Tuesday, 23 September 2014

An Explanation

Well I was certainly feeling very sorry for myself last night wasn't I?
I was very upset about something that had happened to me and the hurt I felt was going round and around in my head until I couldn't think logically in the end.
Basically J one of the ladies I clean for asked me to get a prescription on Friday when I'd finished at her house. I said I would get it Saturday and as we were going out on Saturday evening I would run it round on Sunday for her.
Unfortunately four of us went down with a tummy bug in the early hours of Saturday morning, as Malc and I were two of them we couldn't get to the chemist that day. On Sunday even though we were both feeling very drained and up half the night with Callum having his turn at the bug we went to Asdas thinking we could get the prescription filled at their pharmacy, a brilliant plan other than the fact that the pharmacy didn't have any of the tablets in stock. I rang J to tell her later that afternoon only to find she was out anyway
As Malc is more mobile in his work than me, meaning he has the mini bus he went to our local chemist on Monday morning. I rang J to tell her that she would have her tablets by the afternoon only for her to tell me that she was going out but absolutely had to have the tablets that day as she'd run out.
Malc had to go back to the doctors and chemist three times because the pharmacist wasn't happy with the wording on the prescription.
We eventually met at J's having gone like the clappers to catch her before she went out.
Malc explained the to-ing and fro-ing and said the pharmacist was really helpful to which J said she would ring them chemist and thank her personally! We just looked at each other!
I don't expect anyone to throw themselves at my feet in gratitude but we'd gone the extra mile to get these tablets when we really could have just done with having another day to recover and our part in this was just taken as it was expected.
Looking back I think I felt it more because we were ill so I wasn't really feeling myself but at the same time I do a lot for other people, I do it willingly but I'm a cleaner at the end of the day. Anything extra I do I don't get paid for and I'm getting the feeling that J is beginning to feel that I'm her personal jack of all trades. It started when I took her to hospital when the doctor rang me as she didn't have anyone else to take her.
Today I feel better in myself and I've decided that I've just got to harden up a bit, not feel so guilty if I haven't get the time to do things for people and say NO!
Onto other news, Soloman and Cody passed their first and second grades in karate last week and should come home with their belts and certificates tonight.
I've done some ironing this afternoon and my ironing basket is empty! A very rare occurrence which probably won't even last for 24 hours I'm sure.
I've also been making more dinners for Mum, a shepherds pie and a casserole, again with anemic potatoes on top as it'll be reheated in the oven and I don't want them to burn.

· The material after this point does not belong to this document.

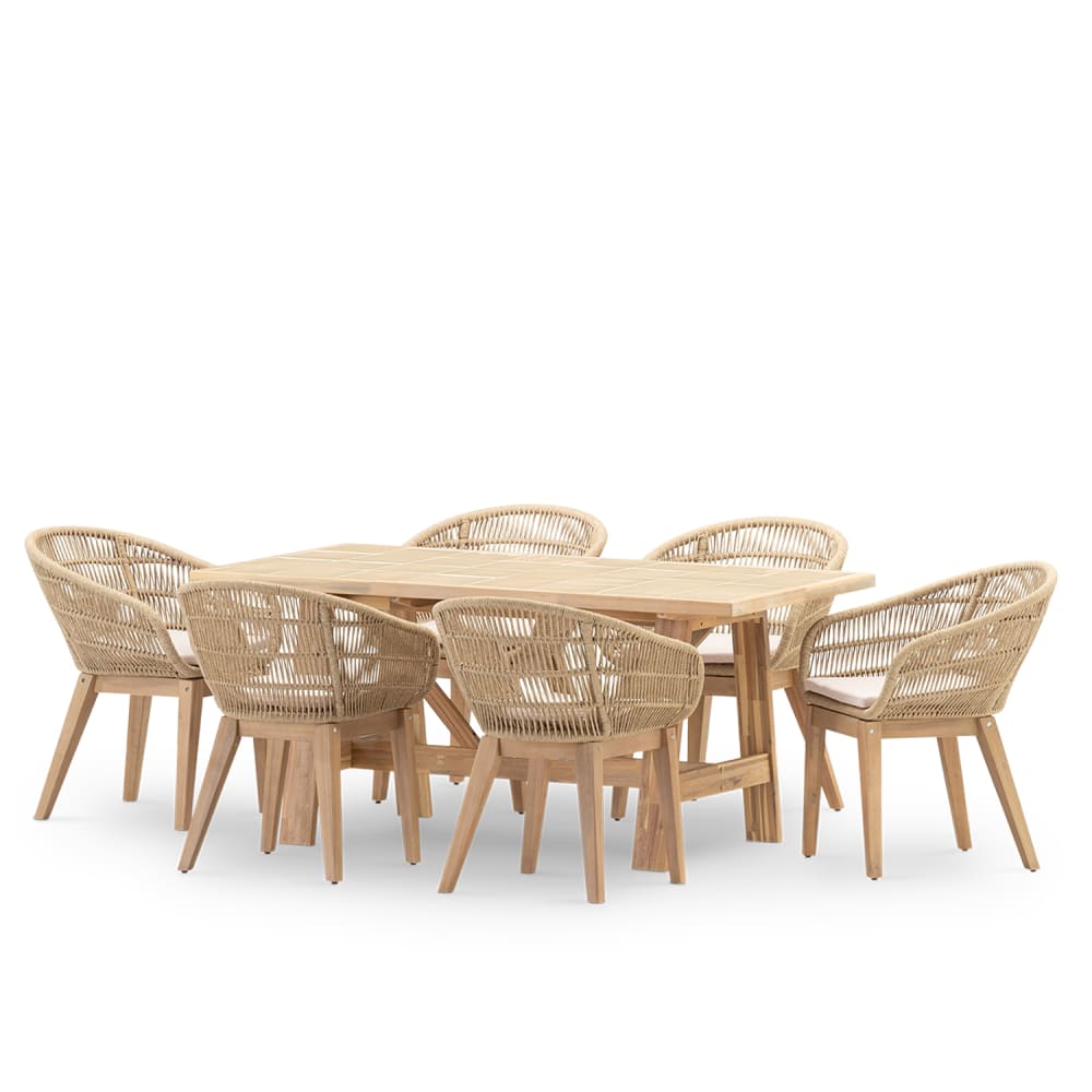Set da pranzo 6 posti tavolo ceramica beige 168x87

Thank you to those of you who commented on my last post, you'll be pleased to know Mrs Sorry For Herself has left the building and normal blogging should resume!
Off to crochet!

20 comments:

  1. There's no need for explanations, I think you're quite justified to feel the way you do. You do such a lot for other people, and it isn't as if you don't have enough to do at home as it is. Some people just don't appreciate others. Well done to Soloman and Cody, and those dinners look lovely.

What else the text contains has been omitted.